[Opening MATERIAL TO PROCESS section]

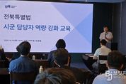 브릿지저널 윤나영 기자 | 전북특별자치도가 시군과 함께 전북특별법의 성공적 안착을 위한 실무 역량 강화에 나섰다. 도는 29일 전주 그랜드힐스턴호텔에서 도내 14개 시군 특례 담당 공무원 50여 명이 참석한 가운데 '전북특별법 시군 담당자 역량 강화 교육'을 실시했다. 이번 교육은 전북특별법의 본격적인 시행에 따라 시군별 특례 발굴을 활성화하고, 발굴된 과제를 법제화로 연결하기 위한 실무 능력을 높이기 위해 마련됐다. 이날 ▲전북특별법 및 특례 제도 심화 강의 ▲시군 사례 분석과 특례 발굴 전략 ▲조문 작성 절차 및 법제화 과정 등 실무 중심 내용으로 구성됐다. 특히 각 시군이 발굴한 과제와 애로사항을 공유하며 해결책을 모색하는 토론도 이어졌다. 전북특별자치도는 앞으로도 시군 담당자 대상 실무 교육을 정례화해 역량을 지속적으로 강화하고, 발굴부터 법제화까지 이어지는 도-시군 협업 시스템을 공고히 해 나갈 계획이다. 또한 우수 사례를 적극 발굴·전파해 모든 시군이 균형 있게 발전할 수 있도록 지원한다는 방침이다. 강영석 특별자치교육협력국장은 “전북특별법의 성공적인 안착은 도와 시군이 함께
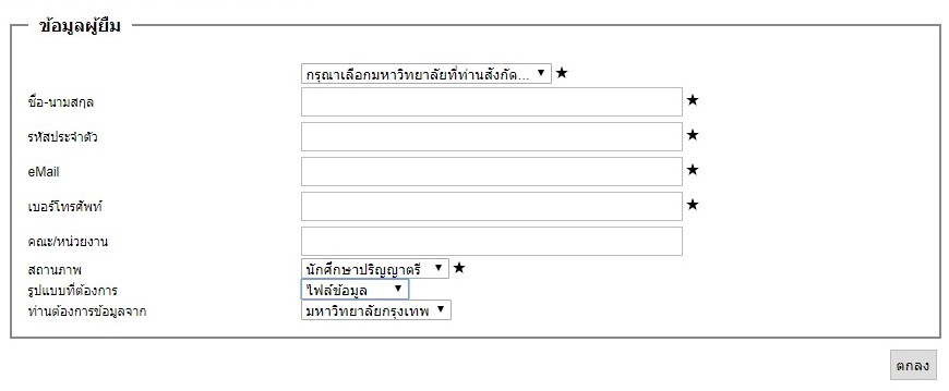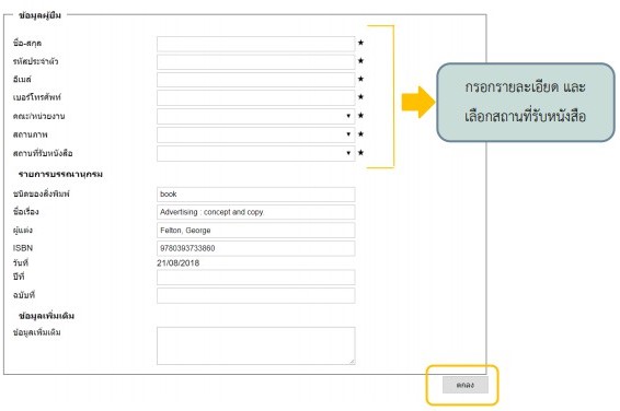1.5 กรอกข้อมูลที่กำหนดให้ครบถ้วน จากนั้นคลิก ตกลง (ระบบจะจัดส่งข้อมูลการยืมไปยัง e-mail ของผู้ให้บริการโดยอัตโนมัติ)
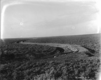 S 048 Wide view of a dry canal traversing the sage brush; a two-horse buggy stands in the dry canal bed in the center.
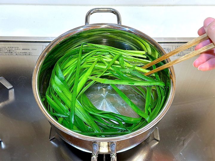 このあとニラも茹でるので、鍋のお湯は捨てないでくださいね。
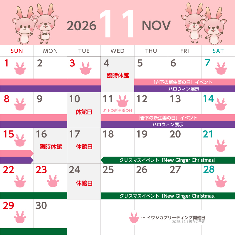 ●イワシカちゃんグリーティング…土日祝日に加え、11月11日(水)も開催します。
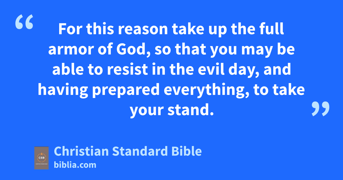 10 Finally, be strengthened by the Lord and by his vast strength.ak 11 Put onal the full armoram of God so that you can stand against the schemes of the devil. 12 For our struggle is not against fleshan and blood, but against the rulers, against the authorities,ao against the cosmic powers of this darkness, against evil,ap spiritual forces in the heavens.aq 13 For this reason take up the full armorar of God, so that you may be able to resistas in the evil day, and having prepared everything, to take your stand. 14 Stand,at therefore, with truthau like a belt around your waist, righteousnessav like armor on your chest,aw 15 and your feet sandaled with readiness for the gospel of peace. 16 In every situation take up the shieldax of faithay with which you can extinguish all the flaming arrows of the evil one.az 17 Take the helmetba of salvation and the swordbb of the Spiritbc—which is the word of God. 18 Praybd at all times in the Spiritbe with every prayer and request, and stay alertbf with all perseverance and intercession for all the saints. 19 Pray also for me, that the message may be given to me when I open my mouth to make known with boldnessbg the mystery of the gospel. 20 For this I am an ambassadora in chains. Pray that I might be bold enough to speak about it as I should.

[Closing MATERIAL TO PROCESS section]

WORK ORDER -> Please set down the records above word for word and omit their pictures.

RESULT OF THE TASK ->
 브릿지저널 윤나영 기자 | 전북특별자치도가 시군과 함께 전북특별법의 성공적 안착을 위한 실무 역량 강화에 나섰다. 도는 29일 전주 그랜드힐스턴호텔에서 도내 14개 시군 특례 담당 공무원 50여 명이 참석한 가운데 '전북특별법 시군 담당자 역량 강화 교육'을 실시했다. 이번 교육은 전북특별법의 본격적인 시행에 따라 시군별 특례 발굴을 활성화하고, 발굴된 과제를 법제화로 연결하기 위한 실무 능력을 높이기 위해 마련됐다. 이날 ▲전북특별법 및 특례 제도 심화 강의 ▲시군 사례 분석과 특례 발굴 전략 ▲조문 작성 절차 및 법제화 과정 등 실무 중심 내용으로 구성됐다. 특히 각 시군이 발굴한 과제와 애로사항을 공유하며 해결책을 모색하는 토론도 이어졌다. 전북특별자치도는 앞으로도 시군 담당자 대상 실무 교육을 정례화해 역량을 지속적으로 강화하고, 발굴부터 법제화까지 이어지는 도-시군 협업 시스템을 공고히 해 나갈 계획이다. 또한 우수 사례를 적극 발굴·전파해 모든 시군이 균형 있게 발전할 수 있도록 지원한다는 방침이다. 강영석 특별자치교육협력국장은 “전북특별법의 성공적인 안착은 도와 시군이 함께
1.5 กรอกข้อมูลที่กำหนดให้ครบถ้วน จากนั้นคลิก ตกลง (ระบบจะจัดส่งข้อมูลการยืมไปยัง e-mail ของผู้ให้บริการโดยอัตโนมัติ)
 S 048 Wide view of a dry canal traversing the sage brush; a two-horse buggy stands in the dry canal bed in the center.
 このあとニラも茹でるので、鍋のお湯は捨てないでくださいね。
 ●イワシカちゃんグリーティング…土日祝日に加え、11月11日(水)も開催します。
 10 Finally, be strengthened by the Lord and by his vast strength.ak 11 Put onal the full armoram of God so that you can stand against the schemes of the devil. 12 For our struggle is not against fleshan and blood, but against the rulers, against the authorities,ao against the cosmic powers of this darkness, against evil,ap spiritual forces in the heavens.aq 13 For this reason take up the full armorar of God, so that you may be able to resistas in the evil day, and having prepared everything, to take your stand. 14 Stand,at therefore, with truthau like a belt around your waist, righteousnessav like armor on your chest,aw 15 and your feet sandaled with readiness for the gospel of peace. 16 In every situation take up the shieldax of faithay with which you can extinguish all the flaming arrows of the evil one.az 17 Take the helmetba of salvation and the swordbb of the Spiritbc—which is the word of God. 18 Praybd at all times in the Spiritbe with every prayer and request, and stay alertbf with all perseverance and intercession for all the saints. 19 Pray also for me, that the message may be given to me when I open my mouth to make known with boldnessbg the mystery of the gospel. 20 For this I am an ambassadora in chains. Pray that I might be bold enough to speak about it as I should.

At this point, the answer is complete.